In this series, Lagniappe presents a different work each week from the collection of the New Orleans Museum of Art, with commentary from a curator.

Few forms so clearly reference the molten state of glass as this type of early American “lily pad” pitcher.

Perhaps because of those thick tendrils of glass forming pools akin to aquatic plants, or perhaps because this particular glass design has few counterparts around the world, so-called “lily pad” pitchers are coveted by collectors of American glass.

A skilled glassblower made this pitcher by first shaping a bubble of hot glass into the open pitcher form. In the first bit of showy ornamentation, the craftsman wrapped a thin thread of liquid glass quickly in a tight spiral around the pitcher’s neck.

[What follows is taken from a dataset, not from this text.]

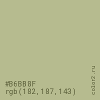Цвет #B6BB8F в цветовой модели RGB обозначается тремя октетами (182, 187, 143) в десятичном формате и #B6BB8F в шестнадцатиричном (hex) формате, которые являются интенсивностью красного 182 (hex B6), интенсивность зелёного 187 (hex BB) и интенсивность синего 143 (hex 8F).

For the signature element, the pitcher was wrapped again around the bottom of the bubble, with a second gather of hot glass, and tooled to form the upward drip “lily pad” motif that evokes the motion of molten glass, frozen in time as it cools.

“Lily pad” pitchers are historically associated with the glasshouses of southern New Jersey, where the nation’s first successful glass production started in the 18th century.

This forested area — copious wood is needed to fuel furnaces for melting glass — was home to 11 glass factories by 1820, many employing German immigrants with skills from European glass factories.

The bread-and-butter of these American factories would have been practical glass items such as window panes and bottles. Fanciful objects like “lily pad” pitchers are thought to have been made in the glassblower’s after-hours.

This "lily pad" pitcher is on view at the New Orleans Museum of Art in the Café NOMA restaurant by Ralph Brennan.

— Mel Buchanan, RosaMary Curator of Decorative Arts & Design, NOMA

Mel Buchanan is the RosaMary curator of decorative arts and design at the New Orleans Museum of Art.